Okay off my soap box and back to work. My legs are a little tired today. Good thing it is just eliptical and weights today.

No soap box - well I guess your are talking to the queen of soap boxes - we are the Mother Daughter Soap Box Team

But I totally get it and agree with what you are saying - we have been rewarded with weight loss for all this work - but not to have a reward on your weigh in day - Oh that's something to think about.
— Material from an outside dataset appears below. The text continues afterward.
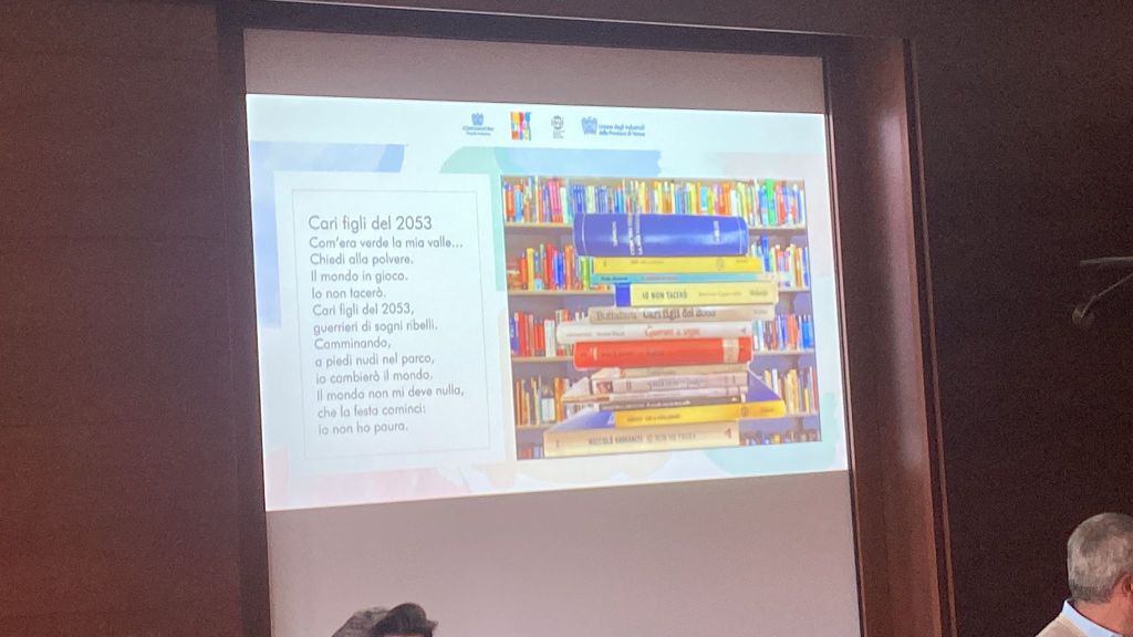 Il premio speciale è stato dato alla classe 1B dell’Istituto Comprensivo E. Crespi – Schweitzer di Busto. Gli studenti, nonostante non fossero inseriti nel concorso dedicato alle terze medie, hanno voluto comunque partecipare all’iniziativa, scrivendo una poesia dal titolo “Cari figli del 2053”. Ma non è una poesia comune, infatti è stata scritta sovrapponendo il dorso di vecchi libri o testi, dimenticati nelle biblioteche scolastiche con l’obiettivo di donare loro nuova vita. Alla dodicesima edizione dell’iniziativa hanno partecipato più di 4.000 studenti per un totale di 203 classi coinvolte.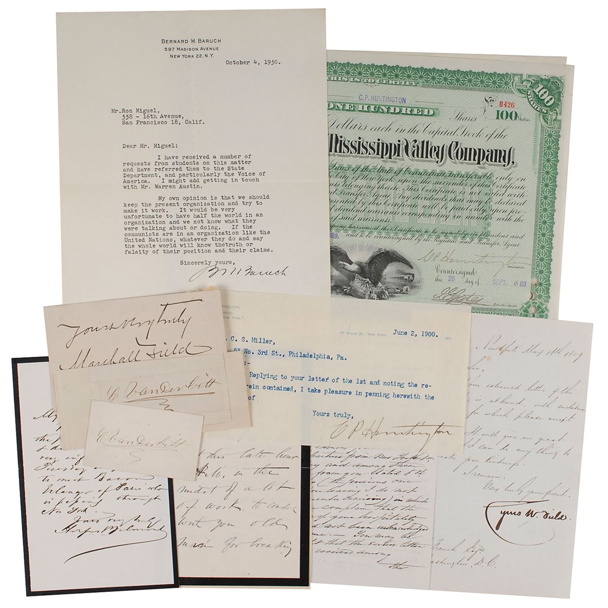 Collection of ten items, each signed by a prominent businessman or philanthropist, including: Collis P. Huntington (stock certificate and TLS), Cornelius Vanderbilt (two signatures), Marshall Field (signature), August Belmont (ALS), August Belmont, Jr. (ALS), Cyrus W. Field (LS), George Peabody (ALS), and Bernard Baruch (TLS). In overall fine condition. Accompanied by seven unsigned engraved portraits and photos, many bearing printed facsimile signatures.

Ruby you just have to mix things up - when exercise gets easy you have to increase the intensity again - since you walked everywhere to begin with I would think that you would be in better shape to begin with than the rest of us.. So you in particular would have to really increase your workouts. You also state that you pretty much know why the scale hasn't moved - That the answer - Start tracking your caloric intake and this will help - write in a note book and then when you can get on the computer - log it in dailyplate.com (a lot of pple like this one) As we have said a million times before - this is a whole new learning process -

It seems Karri & I are pretty ridge in what we eat or don't eat - (I am with her on the trigger foods - I just don't have them - why start - just like your marshmallow bunnies - I don't have them cuz I know myself - I don't think I would stop at one - that's why i have thrown Peanut Butter away - cuz I keep dipping into it.)

Denise - you are tight or took too big of a bite &/or ate too fast... Be carefully - I slimed on watermelon last night - ate too fast..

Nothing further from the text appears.